Muchas de estas sociedades van hacia abajo, no hacia arriba, y, en conjunto, se
están alejando del resto de los países. Si dejamos que continúe esta tendencia,
nuestros hijos tendrán que vérselas con un mundo víctima de una escisión
alarmante, con todas las consecuencias que esto conlleva.
No tiene por qué ser así. Los países del club
de la miseria no tienen por qué estar condenados a sufrir guerras una y otra
vez, sino que disponen de un amplio abanico de futuros posibles. Comparado con
la Guerra Fría, el reto de impulsar el desarrollo del club de la miseria no
resulta tan desmesurado, pero hace falta tomárselo en serio y que el electorado
occidental, tanto de izquierdas como de derechas, cambie de actitud.
La izquierda tiene que abandonar esa manía tan
occidental de flagelarse, así como su visión idealizada de los países en vías
de desarrollo. La pobreza no tiene nada de romántico. Los países del club de la
miseria no están ahí para hacer de cobayas de experimentos socialistas; lo que
necesitan es que se les ayude a avanzar por el camino, más que trillado, de la
economía de mercado. Las instituciones financieras internacionales no forman
parte de una conspiración contra los países pobres, sino que representan un
empeño, erizado de obstáculos, por ayudar. La izquierda tiene que aprender a
valorar el crecimiento económico. La ayuda financiera no se puede destinar
únicamente a las prioridades sociales de más efecto mediático; hay que usarla
para contribuir a que los países se incorporen a los mercados de exportación.

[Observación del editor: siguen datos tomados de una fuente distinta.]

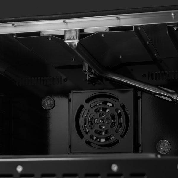 The Forno Galiano 48" Gas Range in black with antique brass accessories combines professional-grade performance with durability. The cooktop features 8 sealed burners with a total output of 107,000 BTU, including a 20,000 BTU dual-ring burner that can simmer at 1,000 BTU. Our cast iron grates ensure cookware stability and effortless movement between burners. The main convection oven offers 4.32 cu. ft. and delivers a total of 30,000 BTU for broiling and baking, while the secondary oven has a capacity of 2.26 cu. ft. with a 14,00 BTU for baking. Both ovens feature a sleek black enamel interior and a three-layer tempered glass door for superior heat retention and clear visibility. Additional features include 2 oven racks, an LP conversion kit, and durable zinc-coated knobs with bezel rings, built to maintain their beauty. Backed by Forno's 2-year warranty, this range offers peace of mind, lasting performance, and exceptional affordability.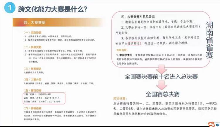 韩静茹、陈天钰结合比赛经历,分别从大赛的前、中、后三个阶段介绍了跨文化能力大赛的要求、过程以及它所带来的收获。他们表示跨文化能力大赛不论是对自身能力的提高还是对眼界的开阔都具有重要意义,并鼓励大家积极参与相关赛事。在分享中,他们指出团队的力量是支撑他们能够不断前行并最终取得佳绩的重要保证,“一个人可以走的很快,但一群人才能走得更远”。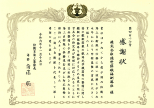 令和6年11月15日(金) ホテルグランドヒル市ヶ谷にて令和6年度自衛隊記念日における感謝状を防衛省 海上幕僚長より頂戴いたしました。 これからも社業を通じ社会に貢献し、艦艇の安全航行、稼働率向上に寄与して参ります。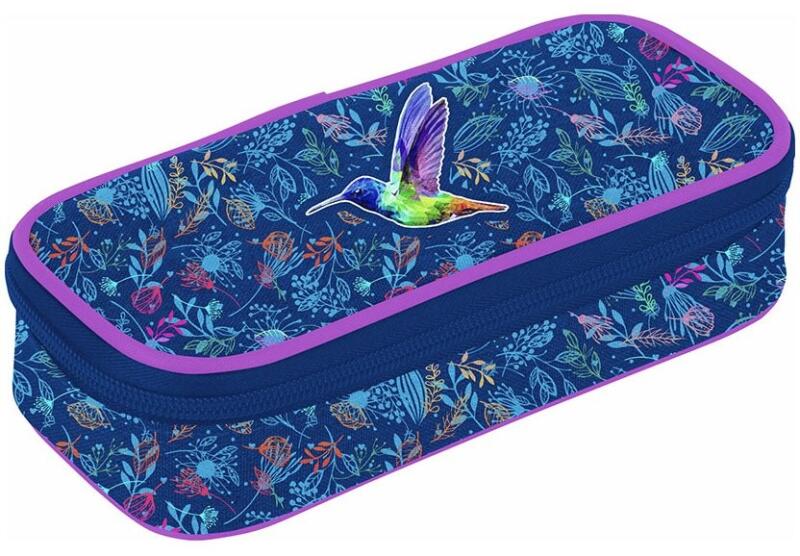 Iskolai tok/etue masszív cipzárral kolibri motívummal. Cipzáras zsebbel és mindkét oldalán rögzített hurkokkal ellátott füllel van felszerelve. A fedél alatt van egy hely az írószerek vagy más apró tárgyak ingyenes tárolására. Alkalmas iskolásoknak és idősebb diákoknak. Méretek: kb 21,5 x 10 x 5,5 cm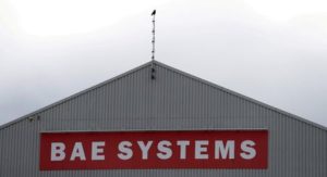 FILE PHOTO: A sign adorns a hangar at the BAE Systems facility at Salmesbury, near Preston, northern England March 10, 2016. REUTERS/Phil Noble/File Photo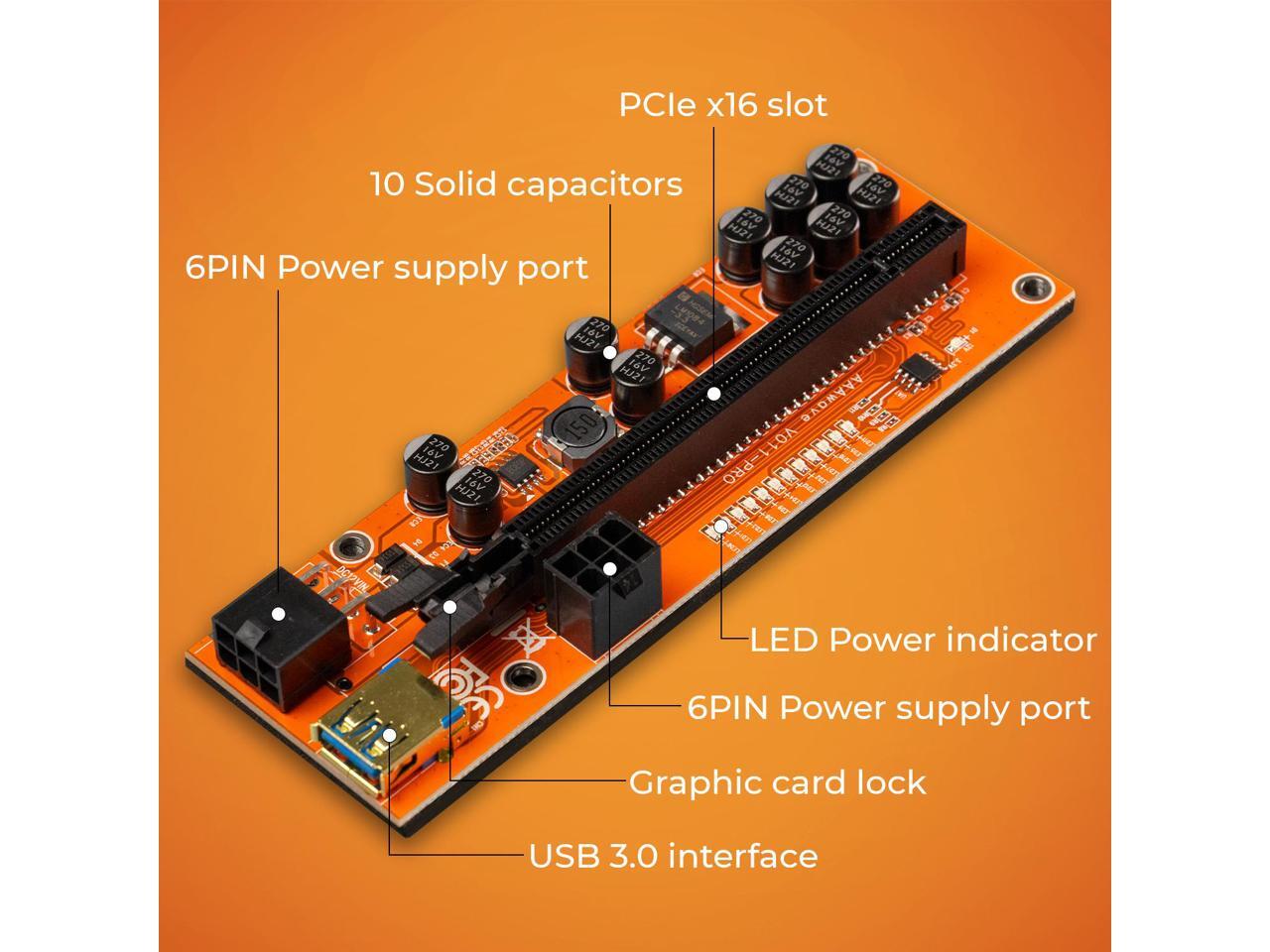 VER 11 PRO: Version 011 Pro riser kits are the newest and top of the line solution for setting up GPU mining rigs.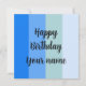Legal padrão de listras azuis com texto: Feliz aniversário e um nome modelo. Ajustado estilo marítimo.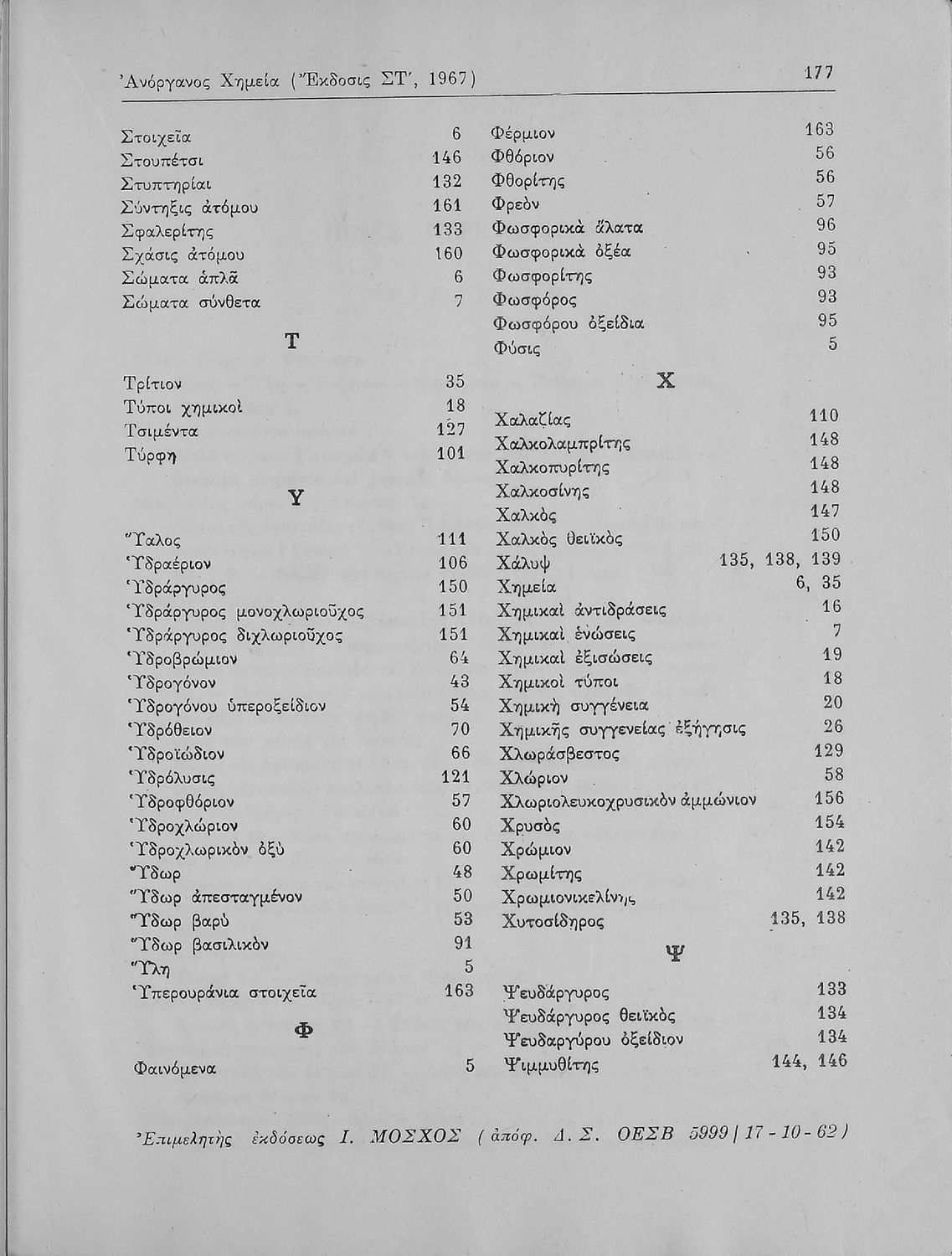 Κωδικός αναγνώρισης: 01-17069 Τίτλος: Στοιχεία Ανοργάνου Χημείας δια την Α΄ και Β΄ Λυκείου Συγγραφέας: Λεωνίδας Σπ. Λιώκης Μέγεθος και υπόστρωμα: Σχολικό εγχειρίδιο, μαλακό εξώφυλλο, 182 σελίδες. Σχέδια και σχήματα (ασπρόμαυρα). |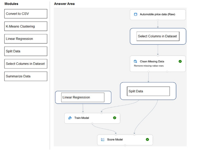 Q. Which two components can you drag onto a canvas in Azure Machine Learning designer? Each correct answer presents a complete solution. NOTE: Each correct selection is worth one point.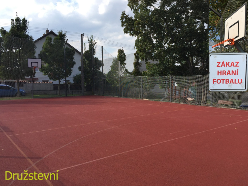 Naše řešení: 1) Instalovat kameru s napojením na městskou policii, 2) opravit basketbalové koše, přičemž zvážit možnost instalace košů z masivnějšího kovu, aby nedocházelo k jejich ničení, 3) instalovat menší branky (velikost cca hokejových branek) a jejich ukotvení pod basketbalové koše, aby nemohly být zcizeny a zároveň nemohly na nikoho spadnout, 4) předělat oplocení na pevnější síť nebo na klecové, 5) odstranit zákaz hraní fotbalu a změnit ho, s ohledem na povrch hřiště, na zákaz používaní kopaček s kolíky. Implementace tohoto řešení je možná takřka okamžitě s minimálními náklady.

En la actualidad, el libro de cabecera de la izquierda es el El fin de la pobreza, de Jeffrey Sachs.
Por más que esté de acuerdo con la apasionada exhortación de Sachs para que
entremos en acción, opino que exagera la importancia de la ayuda. La ayuda por
sí sola no va a solucionar los problemas del club de la miseria; hace falta
usar un abanico de medidas más amplio.
La derecha, por su parte, tiene que dejar de
pensar que la ayuda contribuye al problema porque sólo sirve para subsidiar a
parásitos y ladrones, y desengañarse de la idea de que el crecimiento es algo
que siempre está al alcance de las sociedades que se lo propongan. Asimismo,
tiene que aceptar el hecho de que estos países están estancados y que les va a
resultar difícil competir con China y la India. Es más, tiene que reconocer que
a veces la actividad privada en el mercado global puede generar problemas para
los países más pobres, y que estos problemas requieren soluciones políticas. Y
dado que ni siquiera el gobierno estadounidense es lo bastante poderoso como
para arreglar estos problemas por sí solo, dichas soluciones políticas tendrán
que lograrse, por lo general, de forma conjunta. En la actualidad, el libro de
cabecera de la derecha es La carga del
hombre blanco, de William Easterly. El autor hace bien en burlarse de los
errores y delirios de grandeza de la troupe
de la ayuda al desarrollo, pero, así como Sachs exagera las bondades de la
ayuda, Easterly exagera sus desventajas y niega la posibilidad de otras
medidas. No somos tan impotentes ni tan ignorantes como creen.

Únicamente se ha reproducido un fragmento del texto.